DATASET EXCERPT Block Start

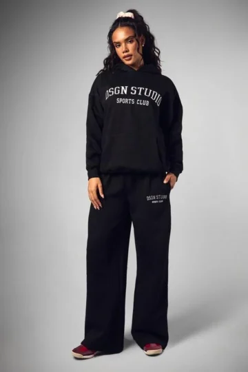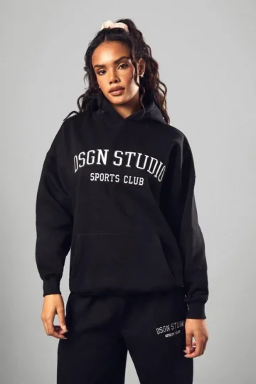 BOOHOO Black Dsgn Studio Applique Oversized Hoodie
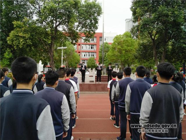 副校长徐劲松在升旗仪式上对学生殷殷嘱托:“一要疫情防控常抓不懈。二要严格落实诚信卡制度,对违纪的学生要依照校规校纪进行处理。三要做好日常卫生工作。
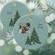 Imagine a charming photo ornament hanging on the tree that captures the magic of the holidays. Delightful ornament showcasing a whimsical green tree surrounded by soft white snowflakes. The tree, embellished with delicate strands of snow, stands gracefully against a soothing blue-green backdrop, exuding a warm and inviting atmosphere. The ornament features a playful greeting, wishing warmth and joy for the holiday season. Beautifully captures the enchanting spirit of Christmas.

DATASET EXCERPT Block End

TASK INSTRUCTIONS: The response should consist of the lines above from the first through the one containing "副校长徐劲松在升旗仪式上对学", transcribed exactly, with every picture left out.

COMPLETED TASK:
 BOOHOO Black Dsgn Studio Applique Oversized Hoodie
 副校长徐劲松在升旗仪式上对学生殷殷嘱托:“一要疫情防控常抓不懈。二要严格落实诚信卡制度,对违纪的学生要依照校规校纪进行处理。三要做好日常卫生工作。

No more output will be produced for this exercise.